Over-hydration and water intoxication happens when you drink more water than the kidneys can get rid of via urine. Kidneys can eliminate about 5.3-7.4 gallons (20-28 liters) of water a day, but they can't get rid of more than 27-33 ounces (0.8-1.0 liters) per hour.

Ok, so say 2-3 liters in relatively short period of time.

We're around 60% water so a 83kg (183lb) person has around 50 liters. That'd be 4%-6%. I guess we'd call that a few percent.

Whereas there's probably not a lot of, say, cyanide in the average human. Like virtually none. So although only 3mg/L is typically fatal that would be a vast increase in concentration.

So maybe @CalG is correct given the wording.

Don't know about everyone else but I reckon over 1 liter of water per hour is lot of water to 'accidentally' drink.

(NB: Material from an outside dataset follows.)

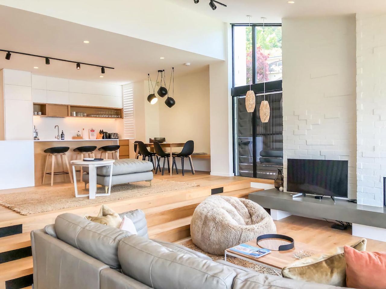 Modern contemporary design set across multiple levels well suited for families or couples that want to relax and unwind in a prime Queenstown location.

I'm generally more concerned with dehydration when doing physical stuff like skiing or coping with the heat. Contrary to popular belief a cup of coffee does not contain enough caffeine (which is a diuretic in higher doses in some people) to cause issues so a coffee break is good. But alcohol does so beer is not going to help.
You got sucked in down the rabbit hole he setup.

Something is not poisonous if it's essential to life. No water, no life.

Excess water is a problem because of the amount of sodium in the blood gets too low, but the intricacies of that are way too complicated and beyond my understanding. So too much water can be hazardous but that doesn't make water poisonous.
It may be true that too much water intake is more of a health threat to athletes, esp runners, than too little water.
https://www.mdalert.com/article/eve...-are-injured-by-hyponatremia-than-dehydration

Alcohol is always a toxin. We don't use water to sterilize things, but alcohol. It kills living cells. Very hot water is used, but that's a heat delivery system.
Beer can be and often is poisonous in more ways than one. Related to the effect of too much water, hyponatremia (low blood sodium), there's a condition called Beer Potomania.

"Potomania is the excessive consumption of alcoholic beverages; beer potomania is used to refer to a dilutional hyponatremia caused by excessive consumption of beer. First recognized in 1971, this cause of hyponatremia is not the most common but should be in the differential if the patient is a heavy alcohol imbiber who presents with encephalopathy and low serum sodium."
https://www.mdedge.com/clinicianreviews/article/86834/nephrology/hyponatremia-beer-potomania

In the US, 6 people a day die of alcohol poisoning. That's just straight poisoning from too much alcohol. So that's nearly 2,200/yr.
But alcohol attributable deaths are huge. 88,000 per year in the US.
https://www.cdc.gov/pcd/issues/2014/13_0293.htm

Stats on hyponatremia are more difficult. Doesn't appear to be many deaths from it directly. Maybe 6 per decade. More because of drug side effects and existing health issues.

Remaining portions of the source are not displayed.